そんな会話を続けていると、ヒロアキ、ヒナタ、クロの順番に姿を現した。
「ヒロアキとヒナタはわかるが、クロが遅いのは意外だったな」
「ちがうにゃ! めっちゃ混んでたにゃ! 火の神殿は大司祭を増員すべきにゃ!」
「あぁ……なるほど」
閑古鳥が鳴いていた風の神殿と違って、一番人気の火の神殿は大盛況だったようだ。
「その代わりと言っては何だけど、この街の状況もわかったにゃ」
「この街の状況?」
「そうにゃ。待ち時間に他のプレイヤーから情報収集をしたにゃ」
クロのコミュニケーション能力は侮れない。生産職であるクロはプレイヤー相手に多くの商売をしていた経験からか、俺たちの中では社交性が一番高かった。
「素敵なトピックはあったのか?」
「素敵なトピックと言われると困るけど、この前の緊急クエストは大きな犠牲を出すことなくAランクでクリアしたらしいにゃ」
「Sランクは逃したのか」
「話を聞いていると最初からAランク狙いだったみたいにゃ」
「ほぉ……Aランクと言うことは……」
「3分割するほど戦力がいなかったみたいにゃ」
俺たちが先日経験した第十一階層の緊急クエストでは護るべき防衛拠点の数が2つだったが、第二一階層のここだと護るべき防衛拠点の数は3つに増える。

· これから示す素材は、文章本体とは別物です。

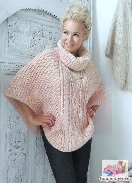 Теплое пончо, вяжем спицами
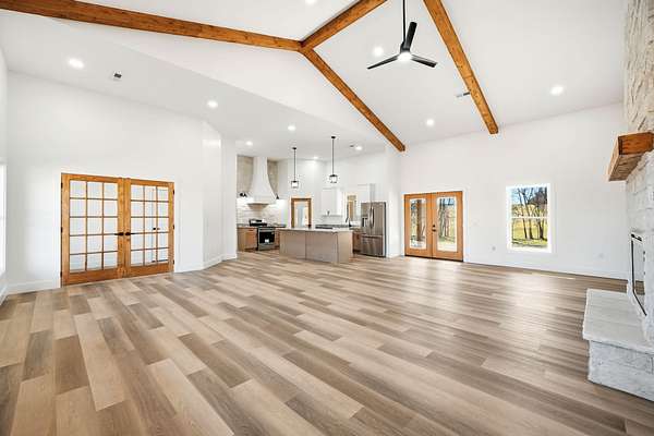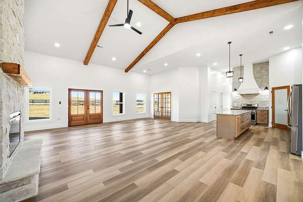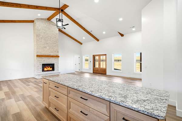 - Beamed Ceilings, Granite Counters, Kitchen Island, Open Floorplan, Pantry, Recessed Lighting, Soaking Tub, Solid Surface Counters, Vaulted Ceiling(s), Walk-In Closet(s)
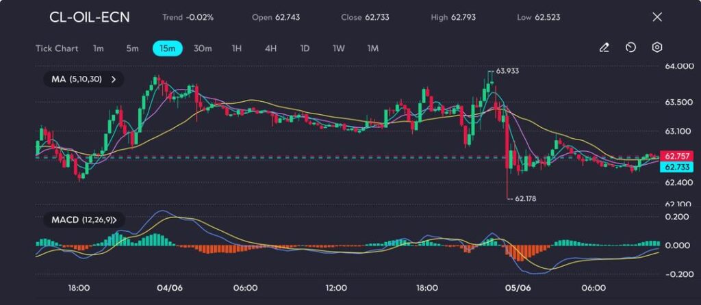 Picture: Oil rebounds off $62.18 low after sharp drop; recovery stalls below $63 with trend momentum still muted, as seen on the VT Markets app
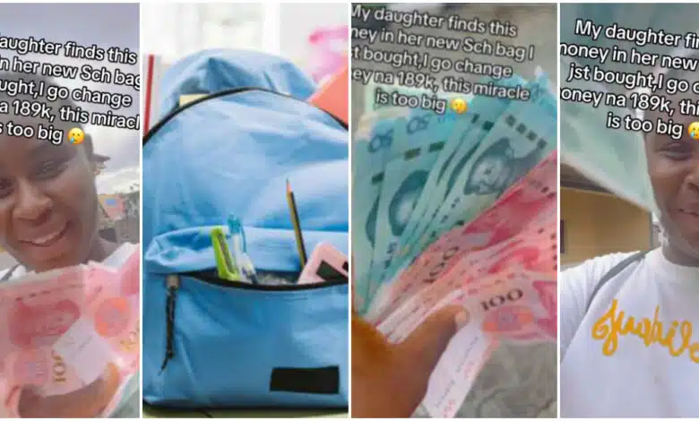 Woman overjoyed as she finds Chinese Yuan worth N200K in child’s new school bag (Video)
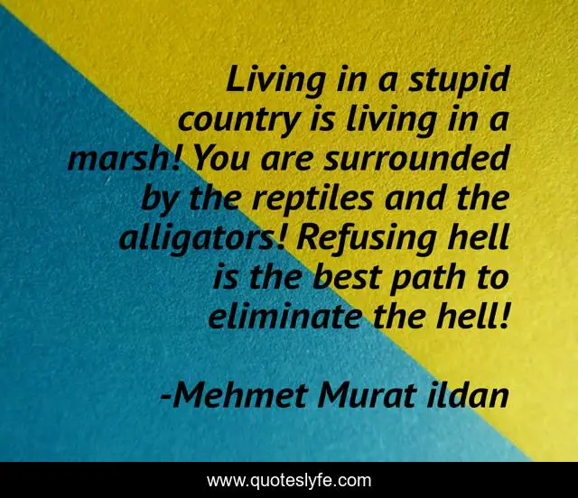 This page presents the quote "Living in a stupid country is living in a marsh! You are surrounded by the reptiles and the alligators! Refusing hell is the best path to eliminate the hell!". Author of this quote is Mehmet Murat ildan. This quote is about refuse, ildan-words-of-wisdom, country, stupid, marsh, path, hell, alligators, reptiles,.

「後、第三一階層の緊急クエストはBランクで、第四一階層の緊急クエストはSランクでクリアだったらしいにゃ」
「第四一階層でSランクと言うことは……」
「優秀な指揮官――百花繚乱みたいなニセモノじゃなく、ホンモノの大手旅団が存在しているみたいにゃ」
「ホンモノの大手旅団ね。名前は?」
「【青龍騎士団】にゃ。リクにぃは知ってるにゃ?」
「【青龍騎士団】? 聞いたことないな……」
旅団の名前を聞いてはみたものの、ソラだった頃は第五一階層未満に行くことは不可能だったので、第二一階層〜第五〇階層――所謂中階層の情報は何も持ち合わせていなかった。
「【青龍騎士団】って言う旅団は【百花繚乱】と違ってまともな旅団って認識でいいのかな?」
「中階層まではPKが出来ないから危険な旅団は存在しにゃいけど、噂を聞く限りはまともな旅団にゃ」
メイの質問にクロが安心させるように笑顔で答える。
「第四一階層にいるのなら順調に攻略が進めば……次の次の緊急クエストあたりで共闘するかもな」
俺は第五一階層までの道のりをシミュレーションし、予想を告げた。
「相手が第五一階層を目指せばすれ違いになるけど、第五一階層までいけば……全体を指揮する旅団は【天下布武】だから安心にゃ」
「いやいや、うち以外も【黄昏】とか【式姫】とか大手旅団は沢山あるだろ」
「うわっ! うちって言ったよ! 今リクは【天下布武】のことをうちって言ったよ!」
「本当にリクさんは『炎帝のソラ』様なんですねー」
「いや、そろそろ慣れろよ……ってか、遮断されている限りは俺はこの先もずーっとリクな」
呆れる俺の姿を見て、仲間たちが笑みを溢す。
「さてと、無駄話はこの辺にして行こうか!」
俺たちは正門を超えフィールドへと向かうのであった。